Task brief: Return only the lines of the data below from the line with "式の後,お部屋に入って担任の先生から紅白のお饅頭をもらいました。" up to and including the line with "[This review was", exactly as written, with the pictures omitted.

Records provided:
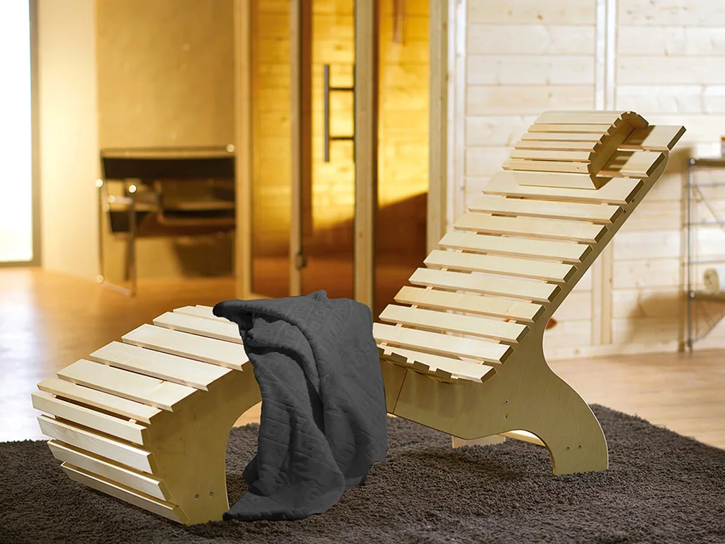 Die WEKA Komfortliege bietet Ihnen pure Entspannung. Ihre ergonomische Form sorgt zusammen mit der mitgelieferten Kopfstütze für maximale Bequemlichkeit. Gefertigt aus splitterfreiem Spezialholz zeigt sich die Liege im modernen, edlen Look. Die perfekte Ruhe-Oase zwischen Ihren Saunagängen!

---

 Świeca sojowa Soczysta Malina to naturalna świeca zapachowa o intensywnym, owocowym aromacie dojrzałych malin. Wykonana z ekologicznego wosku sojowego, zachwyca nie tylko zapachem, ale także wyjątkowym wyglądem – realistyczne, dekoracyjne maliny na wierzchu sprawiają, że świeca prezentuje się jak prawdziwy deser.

--

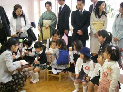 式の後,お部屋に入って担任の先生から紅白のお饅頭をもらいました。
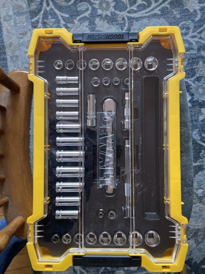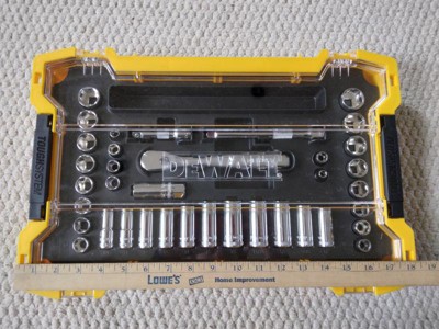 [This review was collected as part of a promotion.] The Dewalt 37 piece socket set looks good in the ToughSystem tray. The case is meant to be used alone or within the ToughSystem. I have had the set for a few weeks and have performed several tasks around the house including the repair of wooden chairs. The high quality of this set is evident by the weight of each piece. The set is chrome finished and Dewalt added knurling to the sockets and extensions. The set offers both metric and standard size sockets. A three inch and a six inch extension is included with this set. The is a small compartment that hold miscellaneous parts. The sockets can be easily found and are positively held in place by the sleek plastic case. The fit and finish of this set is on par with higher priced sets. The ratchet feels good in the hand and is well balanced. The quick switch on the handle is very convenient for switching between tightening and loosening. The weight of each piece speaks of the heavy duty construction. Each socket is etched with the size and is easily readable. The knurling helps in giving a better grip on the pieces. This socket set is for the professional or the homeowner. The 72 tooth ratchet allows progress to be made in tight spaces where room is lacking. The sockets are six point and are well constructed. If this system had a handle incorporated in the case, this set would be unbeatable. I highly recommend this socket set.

Output of the task:
 式の後,お部屋に入って担任の先生から紅白のお饅頭をもらいました。
 [This review was collected as part of a promotion.] The Dewalt 37 piece socket set looks good in the ToughSystem tray. The case is meant to be used alone or within the ToughSystem. I have had the set for a few weeks and have performed several tasks around the house including the repair of wooden chairs. The high quality of this set is evident by the weight of each piece. The set is chrome finished and Dewalt added knurling to the sockets and extensions. The set offers both metric and standard size sockets. A three inch and a six inch extension is included with this set. The is a small compartment that hold miscellaneous parts. The sockets can be easily found and are positively held in place by the sleek plastic case. The fit and finish of this set is on par with higher priced sets. The ratchet feels good in the hand and is well balanced. The quick switch on the handle is very convenient for switching between tightening and loosening. The weight of each piece speaks of the heavy duty construction. Each socket is etched with the size and is easily readable. The knurling helps in giving a better grip on the pieces. This socket set is for the professional or the homeowner. The 72 tooth ratchet allows progress to be made in tight spaces where room is lacking. The sockets are six point and are well constructed. If this system had a handle incorporated in the case, this set would be unbeatable. I highly recommend this socket set.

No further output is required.